Белосельцев смотрел на длинное каменно-укрытое тело, из которого в муках излетела жизнь, в последних бормотаниях, усилиях что-то сказать, что-то объяснить, завещать. Еще летят домой его письма с приветами. Там, далеко, кто-то вскрикнет, проснется в ночи от ужасного сна, не умея его объяснить. И только после, позже поймет.
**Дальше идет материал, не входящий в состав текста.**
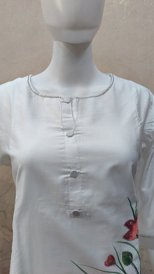 S-38 / Off-white / Cotton M-40 / Off-white / Cotton L-42 / Off-white / Cotton XL-44 / Off-white / CottonSoft Cotton kurti with pant and dupatta M91380/GB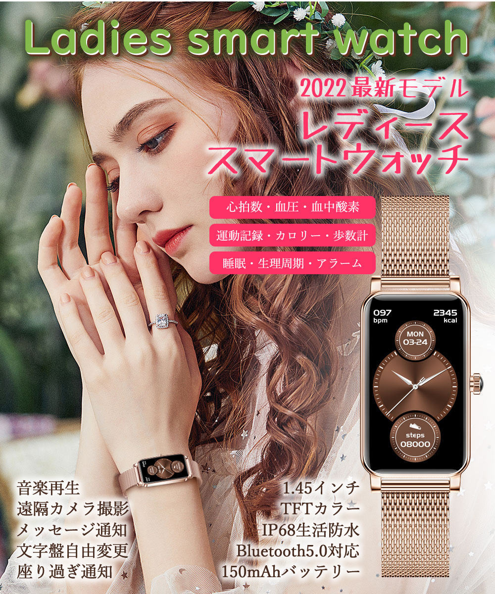 スマートウォッチ レディース 防水 女性 フルタッチスクリーン 心拍数 Line着信電話通知 iphone&Android対応 日本語説明書 /彼女/母の贈り物

Что он должен сделать для этого, уже неживого, малознакомого ему человека, с которым повстречались в Термезе среди медного полыхания труб и нарядных танцовщиц? Раскланивались на лестнице кабульской гостиницы, пожимали при встрече руки, раза два выпили по горькой рюмке, спели казачью песню. А ведь где-то была уже та винтовка, та спокойно лежащая тихая пуля. Пятнистый военный транспорт летел из Джелалабада в Кабул, микроавтобус по Ансаривад подкатывал к аэропорту, снайпер в чердачном окне укладывал поудобней винтовку, и в хаосе случайных секунд, в непредсказуемой толчее событий Белосельцев опоздал на секунду, уступил свое место другому, уступил ему свою пулю.
Он приподнял край простыни и увидел знакомое лицо. Но не то, полное, с пухлым ртом, со следами печали или насмешки к себе самому, с добротой всех черт и движений, готовой смениться выражением терпения и заботы, когда, подчиняясь приказу, нужно катить в какой-нибудь заливаемый ливнем колхоз, где гибнет в полях картошка, или, невзирая на хворь, подняться по звонку и ехать к мелиораторам, где валится план. Всю жизнь мотание по проселкам, собрания, муки с докладом, выговоры и нарекания начальства, когда потерян счет времени в бесконечной неоглядной работе, которая помогает хлебу расти, трубам дымиться, людям иметь кров и жилье.
Белосельцев держал за краешек простыню, видел не это лицо, а другое, выгоревшее, провалившееся, в котором осталось одно-единственное выражение: «А я?.. А со мной?.. Неужели вот и вся моя жизнь?..»
«Еще один хлебороб пал на ниве, не дожив до грядущего урожая», — думал Белосельцев, опуская белый покров. Смотрел в окно, где Кабул в бледном солнце мерцал снеговыми пиками, клубился своими очагами и жизнями, не ведая, что этот русский советник, наивно явившийся спасать и учить, лежит теперь бездыханный.
Прощался, просил прощения бог весть за какую вину. Бессловесно, не разжимая губ, пропел над Нилом Тимофеевичем:
Соловей кукушечку уговаривал,
Полетим, кукушечка, во зеленый сад…
И в ответ завились степные дороги, преклонилась белая рожь, черная ласточка прянула с тихим свистом, и капля дождя упала в тяжелую пыль.
Белосельцев, подавленный, поднялся в ординаторскую. Гордеев облачался в хирургический, травяного цвета костюм, плотно облекал в него свое гибкое, сильное тело. Ничем не напоминал того лениво-небрежного весельчака, качавшего рюмкой перед каминным огнем. Точен, сух, нацелен в предстоящее дело, с легкой, напрягавшей лицо линией, проведенной меж бровей.
— Это, представляете, уникальный, редчайший случай, — пояснял он Белосельцеву. — Рентген показал, что осколок прошел в область сердца и держится в нем. Возникла грань жизни и смерти. Мы только что закончили монтаж оборудования, собирались его проверить. Но видите, приходится делать реальную операцию. Если хотите, останьтесь. Лариса мне ассистирует. Сестра, выдайте ему халат и маску!